▶ **Task instructions**
Each entry below is to be given again word for word, with no pictures.

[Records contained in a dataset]
#####
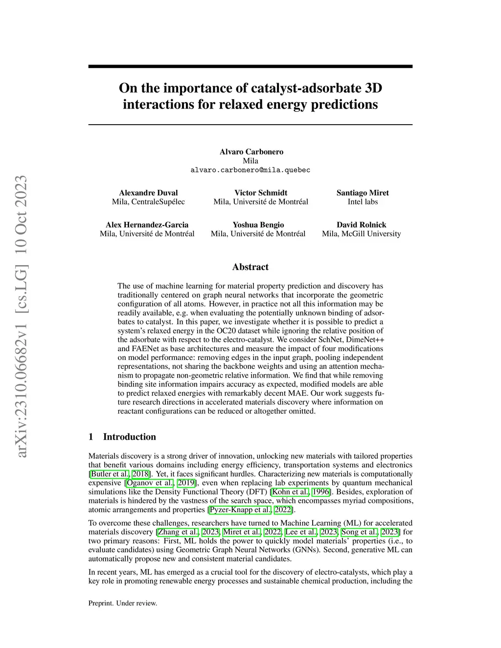 The use of machine learning for material property prediction and discovery has traditionally centered on graph neural networks that incorporate the geometric configuration of all atoms. However, in practice not all this information may be readily available, e.g.~when evaluating the potentially unknown binding of adsorbates to catalyst. In this paper, we investigate whether it is possible to predict a system's relaxed energy in the OC20 dataset while ignoring the relative position of the adsorbate with respect to the electro-catalyst. We consider SchNet, DimeNet++ and FAENet as base architectures and measure the impact of four modifications on model performance: removing edges in the input graph, pooling independent representations, not sharing the backbone weights and using an attention mechanism to propagate non-geometric relative information. We find that while removing binding site information impairs accuracy as expected, modified models are able to predict relaxed energies with remarkably decent MAE. Our work suggests future research directions in accelerated materials discovery where information on reactant configurations can be reduced or altogether omitted.
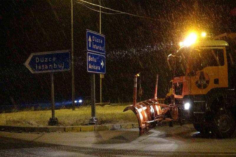 Bolu’da, gün boyu sağanak yağış etkili oldu. Akşam saatlerinde sağanak yağış yerini kar yağışına bıraktı. Bolu’nun yüksek kesimlerinde ve Türkiye’nin en önemli geçiş noktalarından biri olan D-100 karayolu ve Anadolu Otoyolu’nun Bolu Dağı geçişinde kar yağışı etkili oluyor. Kar yağışının etkili olduğu ve kar kalınlığının 5 santimetreye ulaştığı D-100 karayolu Bolu Dağı kesimi ve D-100 karayolunun Yumrukaya, Abant Kavşağı, Elmalık, Bakacak, Seymenler, Karanlıkdere, Bıçkıyanı, Sarıçökek bölgelerinde sürücüler dikkatli bir şekilde ilerliyor.
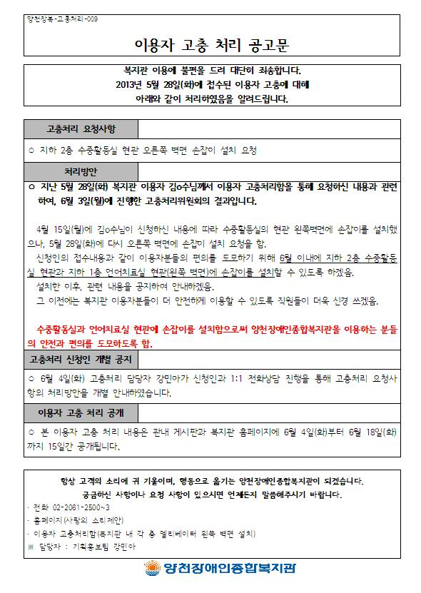○ 본 이용자 고충 처리 내용은 관내 게시판과 복지관 홈페이지에 6월 4일(화)부터 6월 18일(화)까지 15일간 공개됩니다.
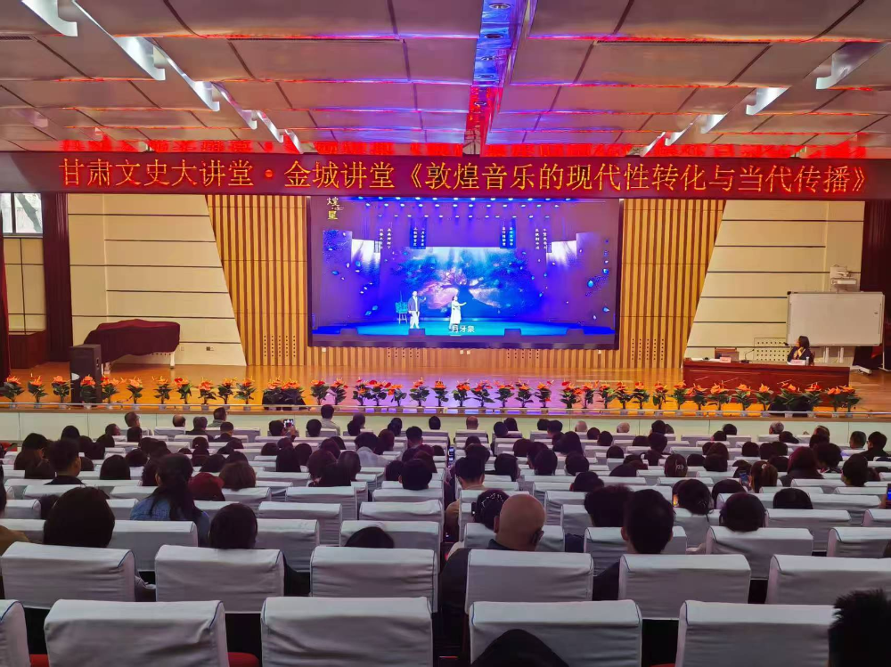 9月20日上午,由甘肅省人民政府文史研究館與中共蘭州市委宣傳部聯(lián)合主辦的“甘肅文史大講堂·金城講堂”敦煌音樂專題講座,在蘭州市第二十七中學禮堂精彩開講。
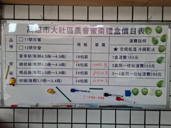 大社蜜棗禮盒公定售價:總統級(每顆4.5兩-4.9兩)18粒裝1000元/盒、精品級(每顆4.0兩-4.4兩) 20粒裝800元/盒、特級(每顆3.0兩-3.4兩) 24粒裝600元/盒。運費另計。
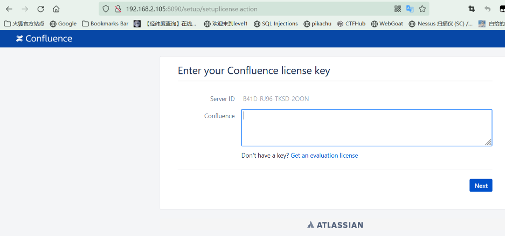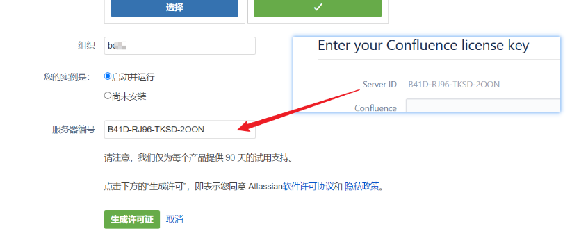 打开https://my.atlassian.com/license/evaluation注册账号,获取license key
#####
▶ **Task response**
 The use of machine learning for material property prediction and discovery has traditionally centered on graph neural networks that incorporate the geometric configuration of all atoms. However, in practice not all this information may be readily available, e.g.~when evaluating the potentially unknown binding of adsorbates to catalyst. In this paper, we investigate whether it is possible to predict a system's relaxed energy in the OC20 dataset while ignoring the relative position of the adsorbate with respect to the electro-catalyst. We consider SchNet, DimeNet++ and FAENet as base architectures and measure the impact of four modifications on model performance: removing edges in the input graph, pooling independent representations, not sharing the backbone weights and using an attention mechanism to propagate non-geometric relative information. We find that while removing binding site information impairs accuracy as expected, modified models are able to predict relaxed energies with remarkably decent MAE. Our work suggests future research directions in accelerated materials discovery where information on reactant configurations can be reduced or altogether omitted.
 Bolu’da, gün boyu sağanak yağış etkili oldu. Akşam saatlerinde sağanak yağış yerini kar yağışına bıraktı. Bolu’nun yüksek kesimlerinde ve Türkiye’nin en önemli geçiş noktalarından biri olan D-100 karayolu ve Anadolu Otoyolu’nun Bolu Dağı geçişinde kar yağışı etkili oluyor. Kar yağışının etkili olduğu ve kar kalınlığının 5 santimetreye ulaştığı D-100 karayolu Bolu Dağı kesimi ve D-100 karayolunun Yumrukaya, Abant Kavşağı, Elmalık, Bakacak, Seymenler, Karanlıkdere, Bıçkıyanı, Sarıçökek bölgelerinde sürücüler dikkatli bir şekilde ilerliyor.
○ 본 이용자 고충 처리 내용은 관내 게시판과 복지관 홈페이지에 6월 4일(화)부터 6월 18일(화)까지 15일간 공개됩니다.
 9月20日上午,由甘肅省人民政府文史研究館與中共蘭州市委宣傳部聯(lián)合主辦的“甘肅文史大講堂·金城講堂”敦煌音樂專題講座,在蘭州市第二十七中學禮堂精彩開講。
 大社蜜棗禮盒公定售價:總統級(每顆4.5兩-4.9兩)18粒裝1000元/盒、精品級(每顆4.0兩-4.4兩) 20粒裝800元/盒、特級(每顆3.0兩-3.4兩) 24粒裝600元/盒。運費另計。
 打开https://my.atlassian.com/license/evaluation注册账号,获取license key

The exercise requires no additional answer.